Failure (and Mistakes) (Laura Gast, USO) | posit::conf(2025)
Failure (and Mistakes) Speaker(s): Laura Gast Abstract: In a field driven by precision, the power of failure is often overlooked. This talk digs into the paradoxical benefit of error in data science, drawing on high-profile missteps in data handling and personal anecdotes of falling short. Using examples from errors big and small leading to impacts big and small to the everyday misinterpretation or misuse of data that happens everywhere, we’ll focus on how to get the best out of failure. While some level of error is inevitable in data science, the most resilient and forward-thinking teams realize that errors can drive innovative and creative solutions that may not have been discovered if everything had gone as planned. posit::conf(2025) Subscribe to posit::conf updates: https://posit.co/about/subscription-management/
image: thumbnail.jpg
Transcript#
This transcript was generated automatically and may contain errors.
Magic. Okay. So, we've heard three great talks, and all week we've heard great talks about people failing their way into success, right? And so, I want to talk about failure itself, not just about how we fail to success. So, in my now almost 20-year career, I have failed a lot more than I have succeeded. Like, a lot more than I have succeeded. And this happens for all of us when we're tackling these really interesting or new or complex or stubborn problems, right?
And I've learned, as I've moved from the more hands-on individual contributor role into work leading on data governance in some particularly messy situations, that I've had to think about not just the failures, but how we fail in these situations. And as I've worked through this, I've identified kind of core tenets of failure. And we'll go through those really quickly. I think, first, it's safe to say failure is inevitable, right? And I don't mean this fatalistically or pessimistically. I mean, like, cool. Failure is inevitable. Run with it, right? We're not building easy things. We're not tackling easy problems. We're taking big swings. And so, failures are going to happen. And the second principle is that failure is helpful. Failure is how we learn. The best discoveries are born out of failing, right? The reason we have sticky notes is because someone failed miserably at making a permanent glue. The reason we have artificial sweeteners is because someone failed so badly at making anti-ulcer medications and they didn't wash their hands before having lunch, right? Big failures. Cool things that came out of it.
And I'm going to add a third one here. And that is that failure is a bias. And what do I mean by that? So, failure is the way failure is a bias is the way that you see failure is shaped by your experience, your role, your tools, your teams, and your culture. So, it's by nature it is distorting, not just framing.
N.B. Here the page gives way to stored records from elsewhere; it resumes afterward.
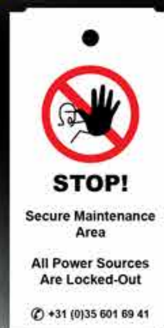
Branco Mensagens personalizadas
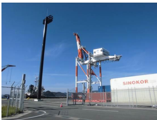
ガントリークレーン
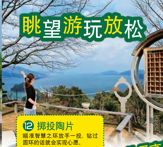
12 掷投陶片 瞄准智慧之环放手一投，钻过圆环的话就会实现心愿。
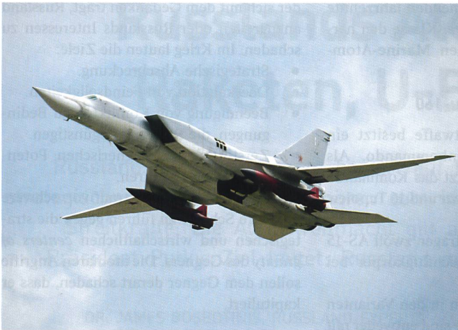
Bomber Tupolew-22M3 mit zwei Atombomben. Die jetzt 40 (von total 115) operationellen Tu-22M3-Bomber bilden derzeit mit den 62 einsetzbaren Tupolew-95 und den 16 noch vorhandenen Tupolew-160 das Rückgrat der russischen Bomberflotte.
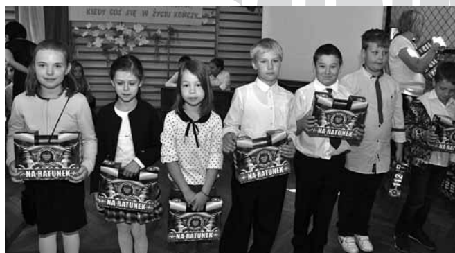
Uczniowie otrzymali zestawy pierwszej pomocy
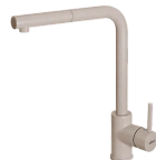
MGKTRP51 G51 8031873103606
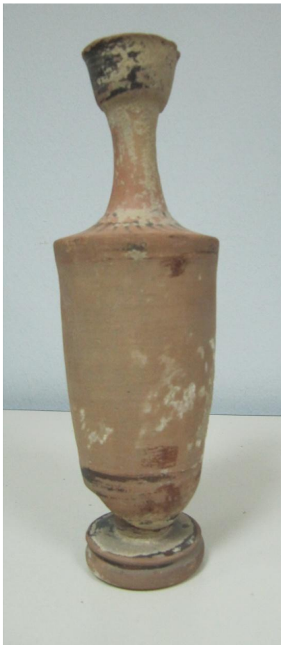
Εικόνα 165: Λήκυθος ΜΑΙΤ 9340, αρ. κατ. 47.
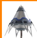
Pararrayos PDC Prevectorn 3°
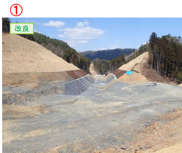
▲No.20から終点側を望む [唐桑北IC(仮)]

The healthcare.gov case study
So, I'm going to do an example on this of a big public failure, and that will be the healthcare.gov website. Some of you may remember it. For those that either don't remember it or were in public health and have blacked it out of your memories, the healthcare.gov was a federal insurance marketplace launched in 2013. And its goal, its main aim, was to be a one-stop shop for Americans looking to compare, review, and purchase individual health insurance under the Affordable Care Act. Instead, the rollout was what could only be described as catastrophic. To give you an idea, on day one, 4.7 million unique users logged on. Only 12 people were able to click the link that said I want to start an application. 12 out of 4.7 million.
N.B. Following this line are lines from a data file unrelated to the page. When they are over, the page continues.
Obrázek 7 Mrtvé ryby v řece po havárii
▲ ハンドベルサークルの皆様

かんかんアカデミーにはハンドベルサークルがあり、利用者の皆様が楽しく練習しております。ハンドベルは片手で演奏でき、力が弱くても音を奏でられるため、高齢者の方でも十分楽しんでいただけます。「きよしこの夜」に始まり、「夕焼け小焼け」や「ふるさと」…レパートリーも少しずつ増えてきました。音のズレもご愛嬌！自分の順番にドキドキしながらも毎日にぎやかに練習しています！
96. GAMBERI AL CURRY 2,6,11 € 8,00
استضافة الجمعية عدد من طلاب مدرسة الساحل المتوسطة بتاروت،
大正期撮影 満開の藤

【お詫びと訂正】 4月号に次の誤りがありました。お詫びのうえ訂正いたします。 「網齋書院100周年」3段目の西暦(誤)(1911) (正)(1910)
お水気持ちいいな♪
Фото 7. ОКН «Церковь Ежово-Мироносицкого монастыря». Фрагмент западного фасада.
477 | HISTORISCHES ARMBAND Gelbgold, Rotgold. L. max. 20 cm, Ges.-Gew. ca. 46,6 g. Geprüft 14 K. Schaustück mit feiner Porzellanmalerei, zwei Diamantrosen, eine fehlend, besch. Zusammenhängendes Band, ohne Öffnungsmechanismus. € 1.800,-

So, if you look into the ad nauseum levels of review of why this happened, you start to see that each person involved or each person not involved but looking at this had a different perspective and a different frame and a different blame. So, you know, the engineers are going to see failures in trying to tackle these large, complex, technically difficult systems to build this site, and the project managers are seeing missed deadlines that are resulting from really compressed timelines and a lot of uncertainty. The GAO, or the finance departments, are seeing blown budgets, the results of high-risk contracts. You'll see these, you know, the senior leaders are seeing failures of communication and coordination resulting from the lack of a central leadership and not-coordinated senior leaders, and users felt frustrated, let down, annoyed, or outright scammed, right? So, this is the same failure but with completely different lenses.
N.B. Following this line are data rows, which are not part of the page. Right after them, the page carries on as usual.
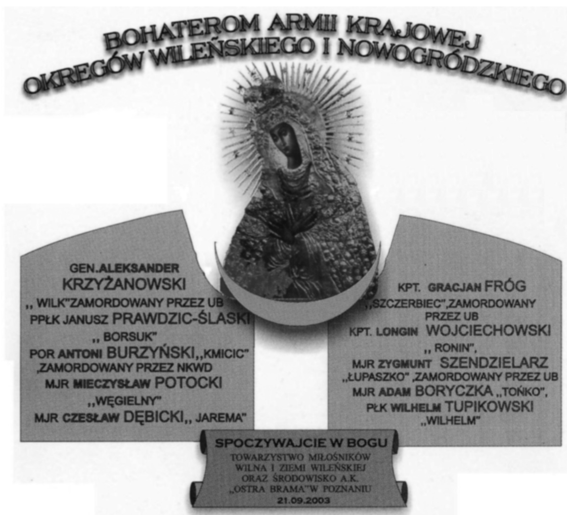
Tablica pamiątkowa przed kościołem św. Wojciecha w Poznaniu.

Po jego śmierci wciąż odnotowywano wystąpienia zbrojne polskiego podziemia. Ostatni leśni trwali na swych kresowych posterunkach do 1953 roku.
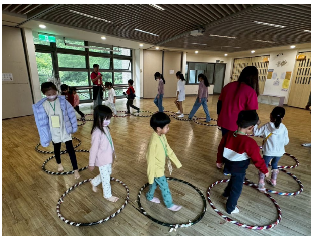
跑跑跳跳動一動，試一試靈活的身手
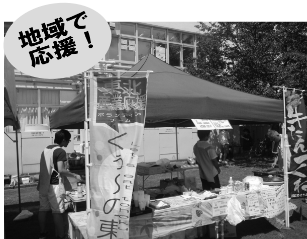
被災地物品の販売「くう～の東北」

今後も多くの方が協働し、多様な災害時のニーズへの対応を継続し検討していくとともに、平常時における被災地への支援、地域力の向上とつながりを育み、いざという時の対応力を高めていきます。
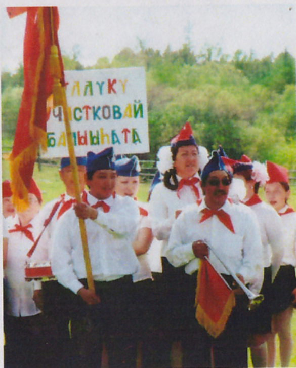
Эмн үлэһиттэрин күнэ. Эдэр пионердар
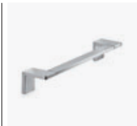
83 030 980 Bath grip, 300 mm Maniglia d'appoggio, 300 mm Barra para bañera, 300 mm
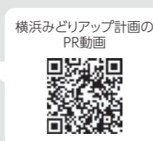
横浜みどりアップ計画のPR動画
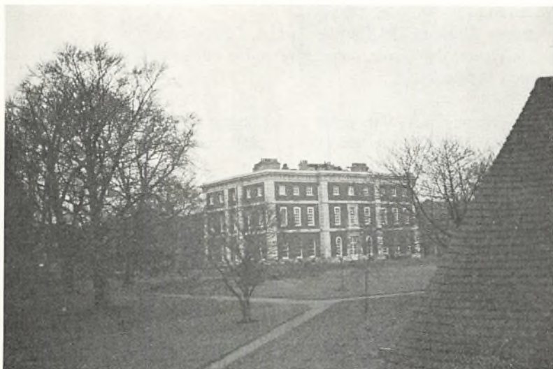
Hovedbygningen på Radley College.

fag og fortrinsvis med emner, der ellers ikke ville blive berørt. 3nf (Jø): Mikrobiologi, laboratoriearbejde og institutionsbesøg, 3x mf, matematik (BrH): Kædebrøker, fysik, (LM): Relativitetsteori, 3y mf, matematik, (EH): Sandsynlighedsberegning, fysik, (Thy): Elektronik, 2a ns, engelsk (Jac): The Art of Painting in England, 2b ns, engelsk (SH): Pinter's Plays, tysk (Si): Brecht: Leben des Galilei.
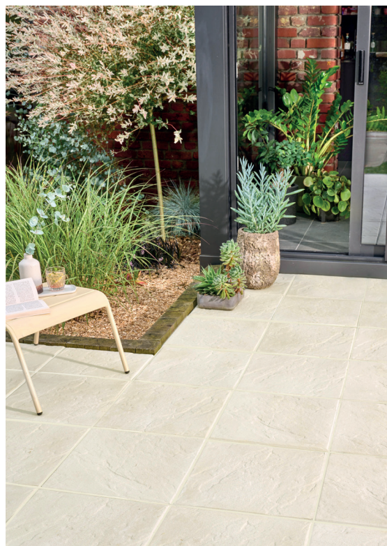
La dalle Rustique Re-source en coloris Sable.

Ainsi, Alkern annonce la disponibilité de sa dalle sur plots Re-Source, désormais produite à base de granulats de béton recyclés (GBR). Une référence qui réduit de facto l'impact carbone tout en favorisant l'économie circulaire. Dans la même logique, Alkern confirme l'arrivée d'un coloris sable de sa dalle Rustique Re-Source, référence emblématique de sa collection ; une teinte naturelle et chaleureuse qui complète idéalement une palette déjà très appréciée des concepteurs et paysagistes.

So, not every failure is going to come with wall-to-wall press coverage and a dozen congressional hearings and get written into textbooks for us all to study later. Most failures just fade away. So, we have to think about which failures become the stories that we tell, and how do those stories shape what failure means to us and to our community, and then what are the patterns of these stories help us find?
A taxonomy of failure
So, to answer these questions, you know, people have been trying to understand and categorize failure for as long as they've been trying to avoid failure, and there are a lot of different approaches. So, some groups organized by mechanism. So, how did it fail? Was it technical? Was it a user error? Was it a decision failure? Or by an effect? So, was this systemic, local, contained, catastrophic? Or maybe what did we learn from this failure? If you've ever heard of intelligent failures or black swan failures or complexity-induced failures, and these are all incredibly useful ways of mapping a failure in any given arena, right, in any space, and I've used these and other models as I've mapped failures before, and some may be stickier for you in different places, and I've found one that works for me at kind of a 30,000-foot level to categorize all the failures, and that's what I'm calling a taxonomy of failure, and I've broken it down into kind of three flavors, as it were, three buckets. So, structural, symbolic, and ambient failure.
So, structural failure, what do I mean by that? I mean catastrophic brittleness that shows up only under stress. You may know the XKCD comic, this one, where, you know, all of modern digital infrastructure is resting precariously on a dependency for a project some random person in Nebraska has been thanklessly maintaining since 2003. So, you know, that's the idea here, but I'm going to give a case study that some of you in this room might have been involved in, which was the 2022 Southwest Airline holiday meltdown, and to explain why this was a specific type of structural failure, I first have to explain how flagships and budget airlines wrapped.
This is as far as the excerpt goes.